| Your objective |
Exact reproduction of all the data is required, with pictures excluded.

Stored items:
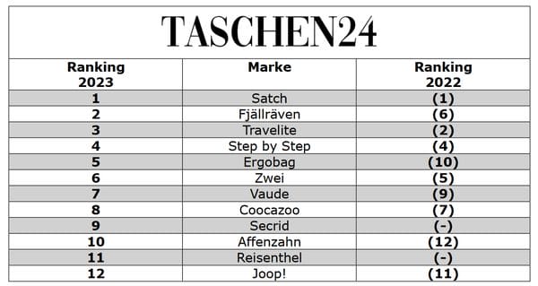 So überrascht es nicht, die Marken Satch und Travelite auf den vorderen Plätzen des Rankings wiederzufinden. Ungebrochen ist die Nachfrage für die Outdoor-Marke Fjällräven. In diesem Bereich spielt auch Vaude eine bedeutende Rolle, speziell für Verbraucher, die Wert auf nachhaltige Produkte legen. Angespannt bleibt die Lage in der Warengruppe Handtaschen. Hier erzielen Zwei und Joop! gute Ergebnisse und belegen im Ranking die Plätze 6 und 12. Neben vielen bekannten Marken finden sich einzelne Newcomer wie Secrid und Reisenthel im Ranking, die 2022 noch nicht unter den Top 12 rangierten.
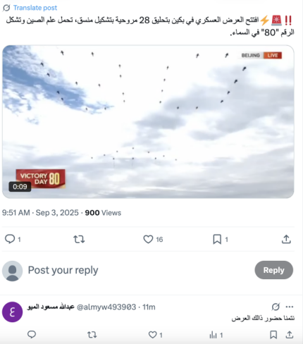 有网友发视频展示了本次阅兵式中26架直升机在空中组成数字“80”的情景。对此,一名阿拉伯地区网友说:“我们希望能够现场参观这次阅兵。”↓
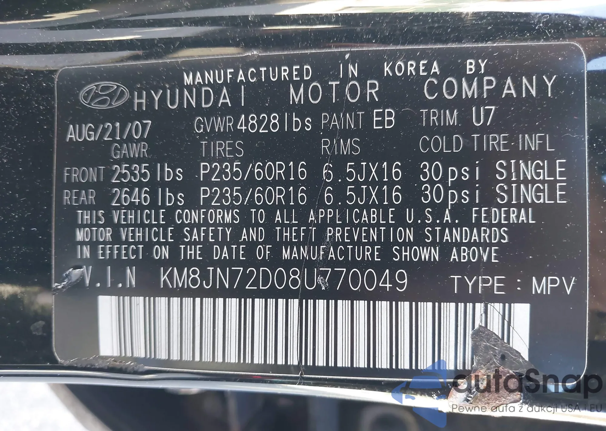 VIN: KM8JN72D08U770049
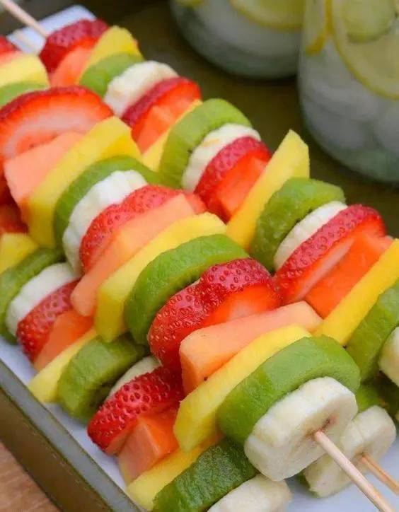 在阳光明媚的户外吃五彩缤纷的水果,好心情一定会加倍的。对于带水果,可以选择像这样用竹签串起来。这样吃起来不太会脏到手哦!
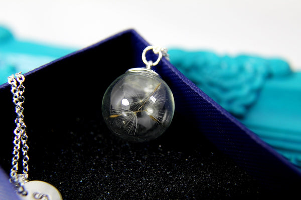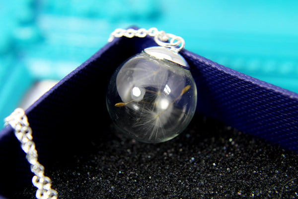 This is a beautiful real dandelion seed in glass glob ball charm on a stainless steel 18 chain.
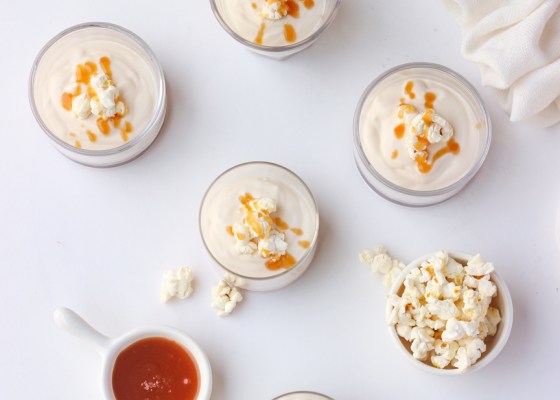 Here is a decadent, indulgent dessert that will take you back to the childhood candy store. Salted caramel mousse is sweet and has the saltiness from the sauce to cut through it. I added the popcorn and lotus biscuits for some crunch.
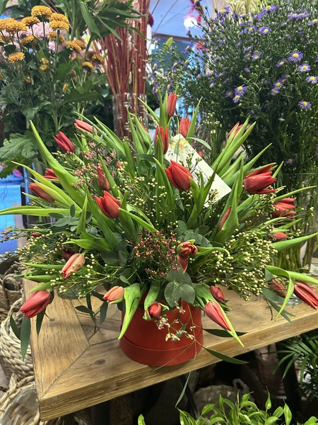 0 Caja redonda de tulipanes
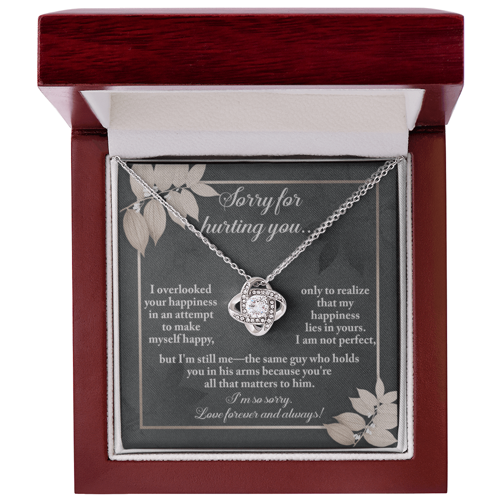 I overlooked your happiness in an attempt to make myself happy, only to realize that my happiness lies in yours. I am not perfect, but I'm still me, me-the same guy who holds you in his arms because you're all that matters to him. I'm so sorry. Love forever and always.

| Answer to this task |
 So überrascht es nicht, die Marken Satch und Travelite auf den vorderen Plätzen des Rankings wiederzufinden. Ungebrochen ist die Nachfrage für die Outdoor-Marke Fjällräven. In diesem Bereich spielt auch Vaude eine bedeutende Rolle, speziell für Verbraucher, die Wert auf nachhaltige Produkte legen. Angespannt bleibt die Lage in der Warengruppe Handtaschen. Hier erzielen Zwei und Joop! gute Ergebnisse und belegen im Ranking die Plätze 6 und 12. Neben vielen bekannten Marken finden sich einzelne Newcomer wie Secrid und Reisenthel im Ranking, die 2022 noch nicht unter den Top 12 rangierten.
 有网友发视频展示了本次阅兵式中26架直升机在空中组成数字“80”的情景。对此,一名阿拉伯地区网友说:“我们希望能够现场参观这次阅兵。”↓
 VIN: KM8JN72D08U770049
 在阳光明媚的户外吃五彩缤纷的水果,好心情一定会加倍的。对于带水果,可以选择像这样用竹签串起来。这样吃起来不太会脏到手哦!
 This is a beautiful real dandelion seed in glass glob ball charm on a stainless steel 18 chain.
 Here is a decadent, indulgent dessert that will take you back to the childhood candy store. Salted caramel mousse is sweet and has the saltiness from the sauce to cut through it. I added the popcorn and lotus biscuits for some crunch.
 0 Caja redonda de tulipanes
 I overlooked your happiness in an attempt to make myself happy, only to realize that my happiness lies in yours. I am not perfect, but I'm still me, me-the same guy who holds you in his arms because you're all that matters to him. I'm so sorry. Love forever and always.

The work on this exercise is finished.